WHAT IS NEEDED: Restate the listing below word for word, omitting any images.

SUPPLIED INFORMATION:
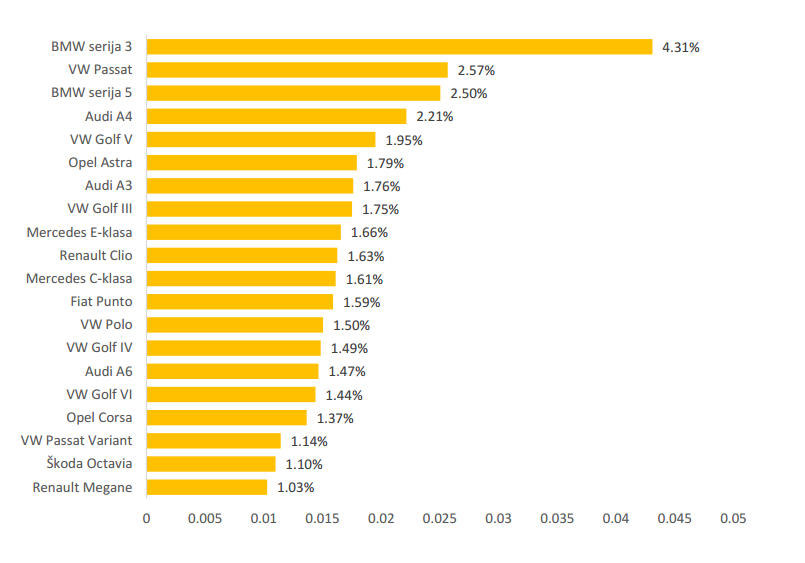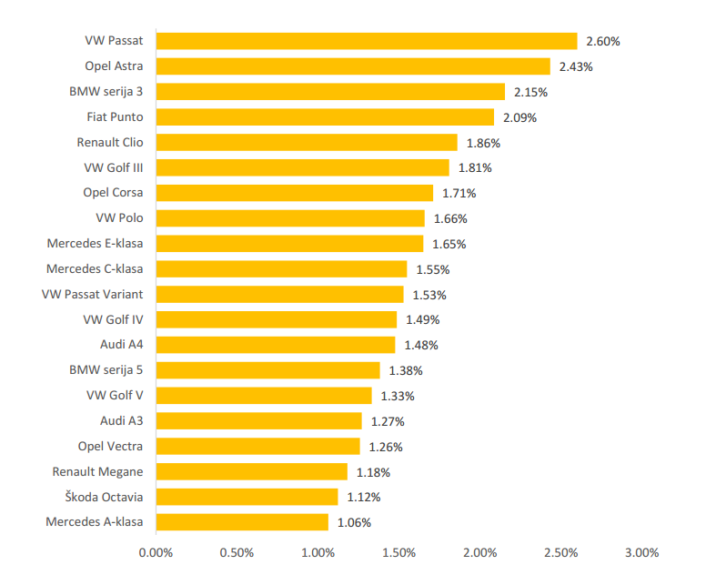 Najveća ponuda osobnih automobila na Njuškalu su oni proizvedeni od 2000. do predrecesijske 2008. godine, ukupno 51 posto ponude osobnih automobila.
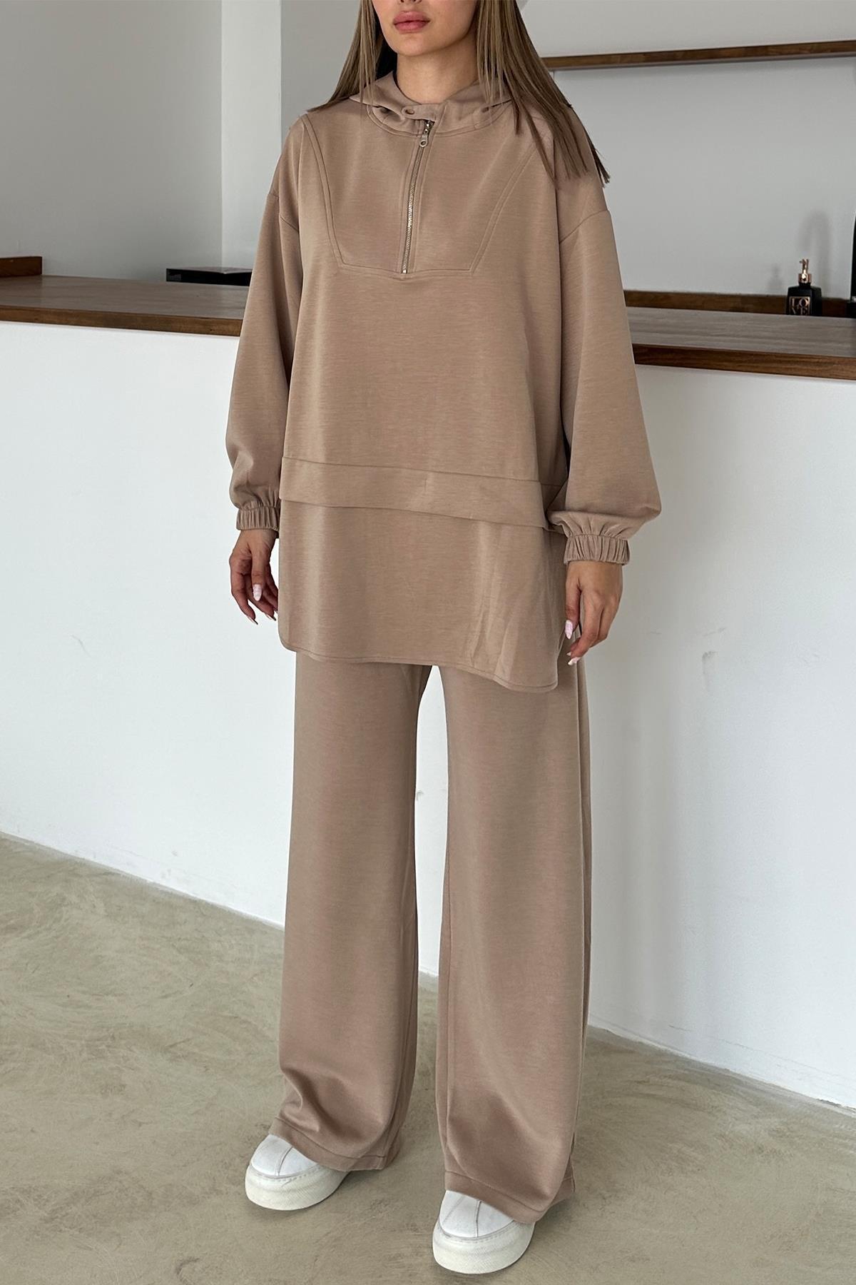 Kapüşonlu Fermuar Detaylı Premium Kumaş Sweat Pantolon Takım KAMEL 9373-TK Kapüşonlu Fermuar Detaylı Premium Kumaş Sweat Pantolon Takım KAMEL 9373-TK L
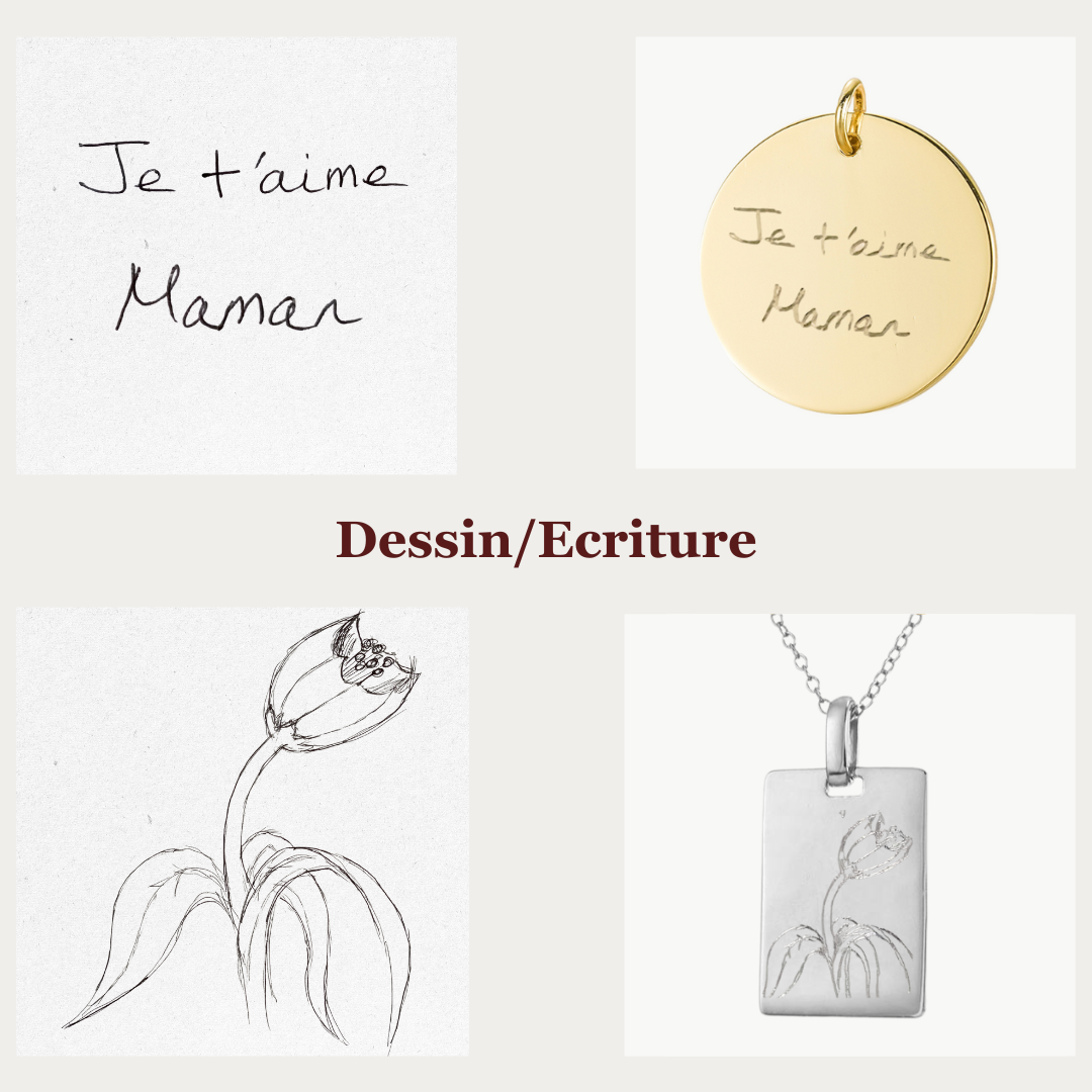 Chaque bijou est gravé dans notre atelier en Suisse, à partir de vos empreintes, dessins ou mots d’amour. Plus qu’un accessoire, c’est une histoire à offrir ou à garder pour toujours.

PROBLEM SOLUTION:
 Najveća ponuda osobnih automobila na Njuškalu su oni proizvedeni od 2000. do predrecesijske 2008. godine, ukupno 51 posto ponude osobnih automobila.
 Kapüşonlu Fermuar Detaylı Premium Kumaş Sweat Pantolon Takım KAMEL 9373-TK Kapüşonlu Fermuar Detaylı Premium Kumaş Sweat Pantolon Takım KAMEL 9373-TK L
 Chaque bijou est gravé dans notre atelier en Suisse, à partir de vos empreintes, dessins ou mots d’amour. Plus qu’un accessoire, c’est une histoire à offrir ou à garder pour toujours.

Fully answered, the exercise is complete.